*** Data for this exercise ***

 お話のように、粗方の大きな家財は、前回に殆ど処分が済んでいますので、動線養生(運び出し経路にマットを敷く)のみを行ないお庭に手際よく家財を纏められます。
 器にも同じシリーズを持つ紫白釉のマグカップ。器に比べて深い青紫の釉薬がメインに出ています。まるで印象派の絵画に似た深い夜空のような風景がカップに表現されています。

*** End of Data for this exercise ***
*** Data for this exercise ***

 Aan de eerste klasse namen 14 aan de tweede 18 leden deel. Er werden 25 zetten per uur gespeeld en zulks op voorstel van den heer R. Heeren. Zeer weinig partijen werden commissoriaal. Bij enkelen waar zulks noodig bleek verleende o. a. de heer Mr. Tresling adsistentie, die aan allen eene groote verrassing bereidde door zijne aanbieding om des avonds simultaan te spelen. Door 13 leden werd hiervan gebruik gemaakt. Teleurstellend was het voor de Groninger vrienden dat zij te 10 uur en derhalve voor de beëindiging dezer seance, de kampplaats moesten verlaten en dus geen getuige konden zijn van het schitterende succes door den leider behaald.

*** End of Data for this exercise ***

Exercise details:
Reproduce verbatim only the segment of the listing bounded by the line containing "お話のように、粗方の大きな家" and the line containing "器にも同じシリーズを持つ紫白", with both boundary lines included.

Written response:
 お話のように、粗方の大きな家財は、前回に殆ど処分が済んでいますので、動線養生(運び出し経路にマットを敷く)のみを行ないお庭に手際よく家財を纏められます。
 器にも同じシリーズを持つ紫白釉のマグカップ。器に比べて深い青紫の釉薬がメインに出ています。まるで印象派の絵画に似た深い夜空のような風景がカップに表現されています。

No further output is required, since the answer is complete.